Kaplan-Meier plots of the probability an event will not occur were calculated. The number of participants at risk is presented at each time point along the x axis. Short vertical bars on the curves indicate censored data. Participants who withdrew early were censored at the date of last follow-up. (A) Event-free survival (without death or disease activity from any one of: loss of neurologic function, relapse, or new lesions on MRI). (B) Summary of all primary endpoint and subsequent events by participant with type and time of event since transplant. Primary endpoint events are bolded and starred. (C) Progression-free survival (increased Expanded Disability Status Scale [EDSS] greater than 0.5 from baseline). (D) Relapse-free survival. (E) MRI activity-free survival (presence of 2 or more independent multiple sclerosis lesions indicated on MRI). Note that the MRI event that occurred at 11.9 months was not a primary endpoint event, but rather an event that occurred subsequently after the participant met primary endpoint via clinical relapse at 5.1 months. (F) Overall survival. For each of the 3 deaths, the participant had previously met primary endpoint. In the analysis of the individual components comprising event-free survival (C–F), follow-up for any component was not censored by earlier events (see text).

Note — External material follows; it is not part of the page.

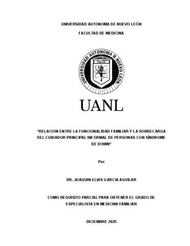 García Aguilar, Joaquin Elias (2025) Relación entre la funcionalidad familiar y la sobrecarga del cuidador principal informal de personas con síndrome de Down. Especialidad thesis, Universidad Autónoma de Nuevo León.

Figure 3. Clinical outcomes

(A) Expanded Disability Status Scale (EDSS). (B) Multiple Sclerosis Functional Composite (MSFC). (C) MSFC component: 3-second Paced Auditory Serial Addition test (PASAT-3). (D) MSFC component: 9-Hole Peg Test. Average of trials from the dominant and nondominant hands. (E) MSFC component: Timed 25-Foot Walk Test. (F) Quality of life: 29-Item Multiple Sclerosis Impact Scale (MSIS-29). The p values from a Wilcoxon signed-rank test are presented at each postbaseline visit along the x-axis assessing the change from baseline. The p value in the MSFC components in panels C through E assesses a change in the component Z score from baseline. The median component Z scores can be found in table e-3.

Figure 4. MRI studies

(A) New gadolinium-enhancing (GD+) lesions occurring after transplant. The GD + lesions as seen at years 3 and 4 are 2 different GD+ lesions observed in the same participant, and thus this individual met primary endpoint. (B) New T2 lesions since previous visit. The new T2 lesions seen at year 4 are in one individual, who met primary endpoint. (C) T2 lesion volume (mL) change from baseline. There was a decrease in T2 lesion volume at year 5 (p < 0.001). (D) T1 lesion volume (mL) change from baseline. There was an increase in T1 lesion volume at year 5 (p = 0.015). (E) Percentage of change in brain volume from screening. At year 5, brain volume was significantly decreased compared to baseline (p < 0.001); however, there was stabilization in brain volume from year 3 to 5 (p = 0.311) after transplant.